WORK REQUEST:
The required output is the exact run of lines from the one bearing "观察1990年至2023年间" through the final line of the listing below, with the pictures removed.

LISTED ENTRIES:
■ ■ ■ ■ ■
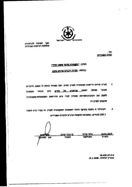 משטרת ישראל מעוניינת להתקשר עם הספק הנל לטובת מתן שירותי חניית רכבים במרחב נתבג
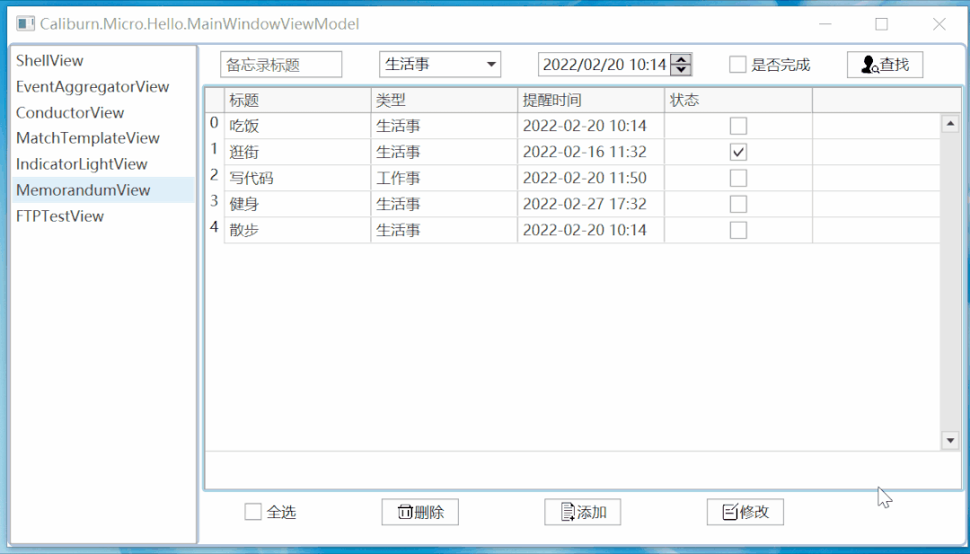 前几天群里有人问如何制作备忘录,感觉这样一个小实例挺适合新手们入门学习使用,所以就抽空做了出来。界面如下图:
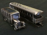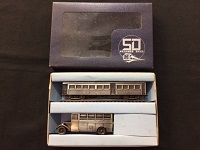 【記念品】 「東武日光線開通50周年」 金属製ディスプレイモデル 貴賓車トク500:1/130 T型フォードバス:1/100 車体裏面に刻印有 紙箱に傷み有 状態 優 |
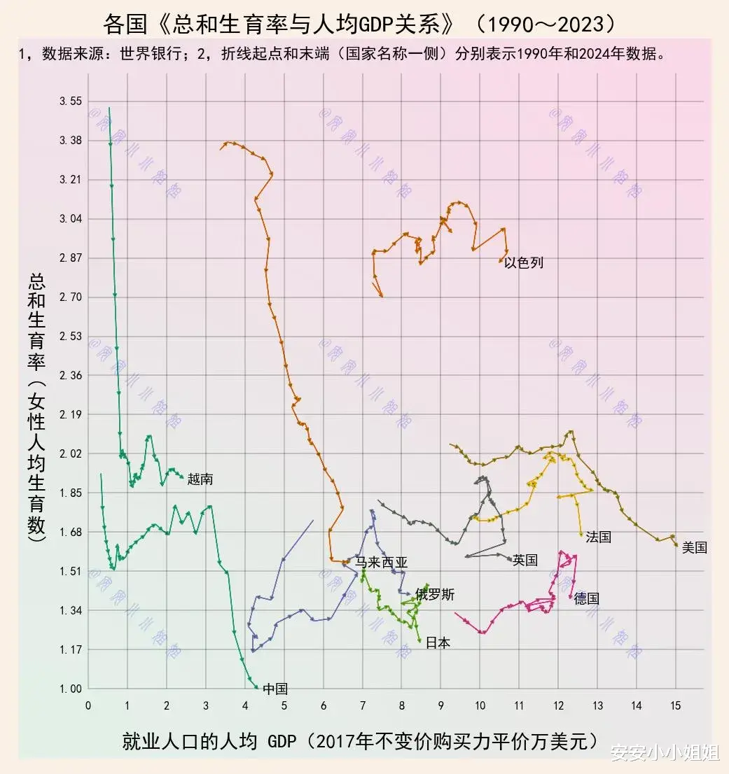观察1990年至2023年间中国、美国和以色列三国总和生育率随人均GDP变化的关系图,我们可以清晰地看到三条截然不同的发展轨迹,它们共同勾勒出一幅关于现代人生育选择的丰富图景。
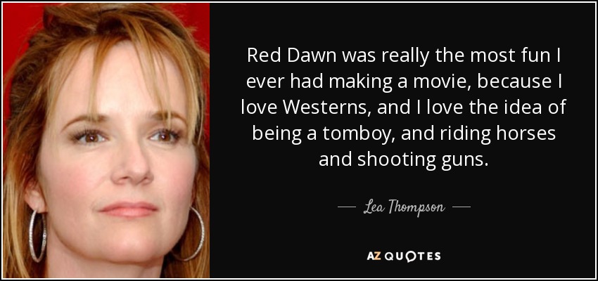 Red Dawn was really the most fun I ever had making a movie, because I love Westerns, and I love the idea of being a tomboy, and riding horses and shooting guns.
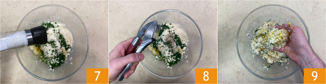 Salt 7, pepper, and season with a crushed garlic clove 8. Knead the mixture with your hands 9.
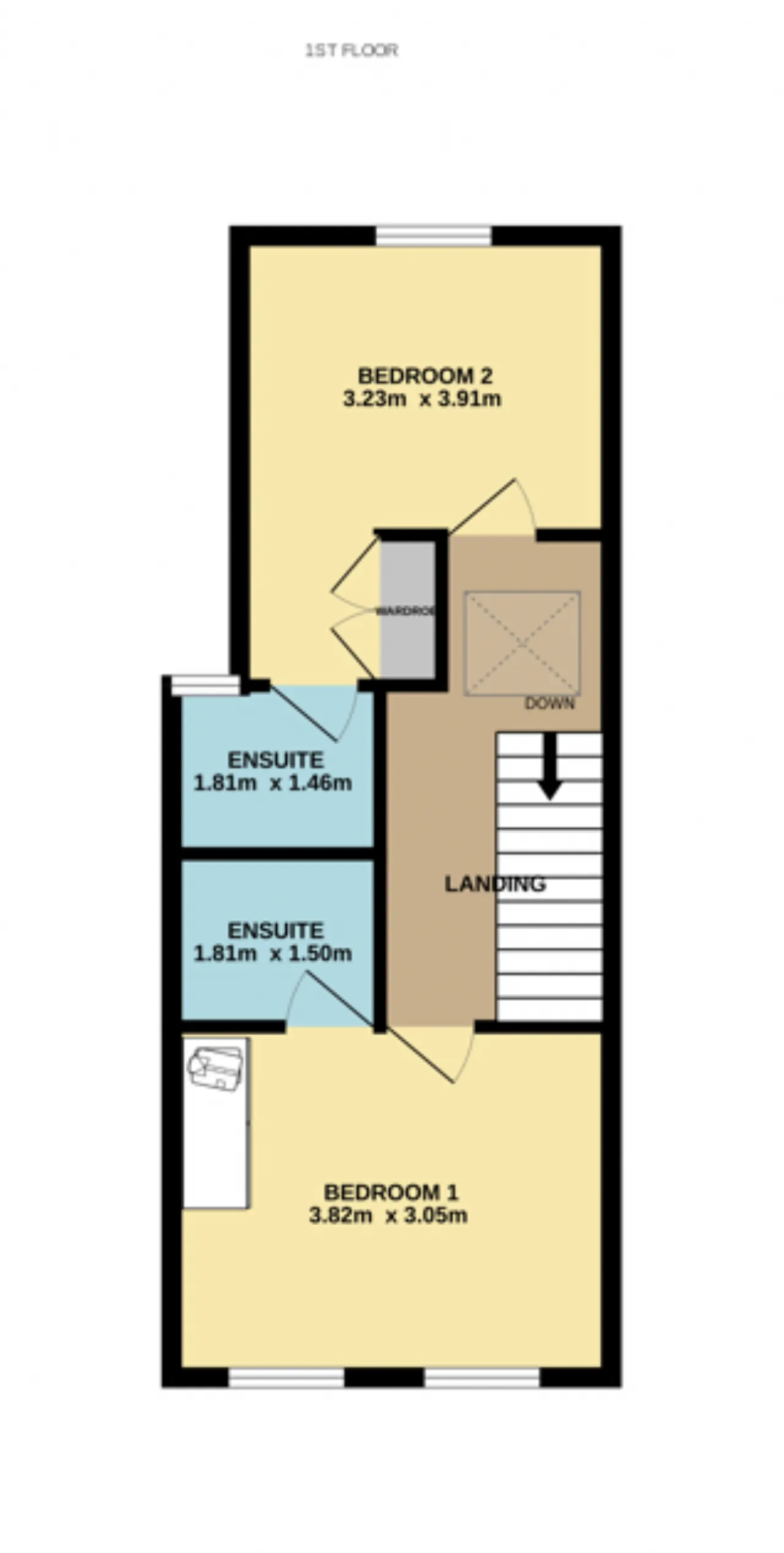 Bedroom 1: Spacious double room to the front with two front aspect windows, carpet floor, fitted wardrobes.
■ ■ ■ ■ ■
EXERCISE ANSWER:
观察1990年至2023年间中国、美国和以色列三国总和生育率随人均GDP变化的关系图,我们可以清晰地看到三条截然不同的发展轨迹,它们共同勾勒出一幅关于现代人生育选择的丰富图景。
 Red Dawn was really the most fun I ever had making a movie, because I love Westerns, and I love the idea of being a tomboy, and riding horses and shooting guns.
 Salt 7, pepper, and season with a crushed garlic clove 8. Knead the mixture with your hands 9.
 Bedroom 1: Spacious double room to the front with two front aspect windows, carpet floor, fitted wardrobes.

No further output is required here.